* [Recorded information]:
────────────────────────────────────────

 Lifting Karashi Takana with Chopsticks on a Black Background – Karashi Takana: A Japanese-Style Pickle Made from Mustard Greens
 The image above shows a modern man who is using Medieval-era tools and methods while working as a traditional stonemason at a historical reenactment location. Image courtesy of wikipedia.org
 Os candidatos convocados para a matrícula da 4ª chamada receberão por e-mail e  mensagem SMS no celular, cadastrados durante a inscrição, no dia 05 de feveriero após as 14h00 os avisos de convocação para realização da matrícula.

────────────────────────────────────────

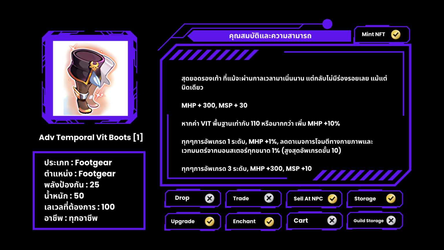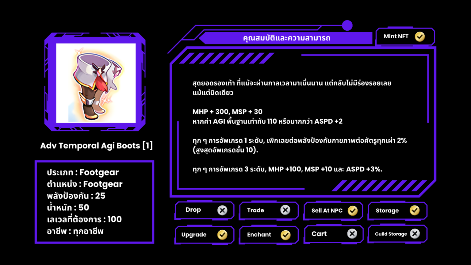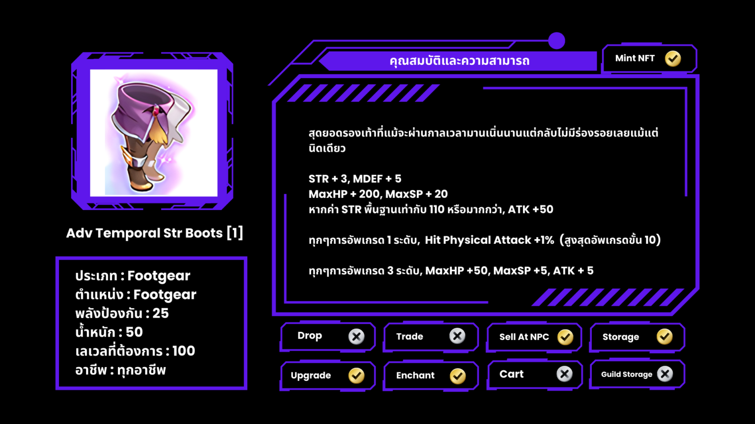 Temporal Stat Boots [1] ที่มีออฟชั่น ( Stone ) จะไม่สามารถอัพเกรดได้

────────────────────────────────────────

From the data above, output exactly the lines between the one containing "Lifting Karashi Takana" and the one containing "Os candidatos convocados", counting both of them.

* [Answer space]:
 Lifting Karashi Takana with Chopsticks on a Black Background – Karashi Takana: A Japanese-Style Pickle Made from Mustard Greens
 The image above shows a modern man who is using Medieval-era tools and methods while working as a traditional stonemason at a historical reenactment location. Image courtesy of wikipedia.org
 Os candidatos convocados para a matrícula da 4ª chamada receberão por e-mail e  mensagem SMS no celular, cadastrados durante a inscrição, no dia 05 de feveriero após as 14h00 os avisos de convocação para realização da matrícula.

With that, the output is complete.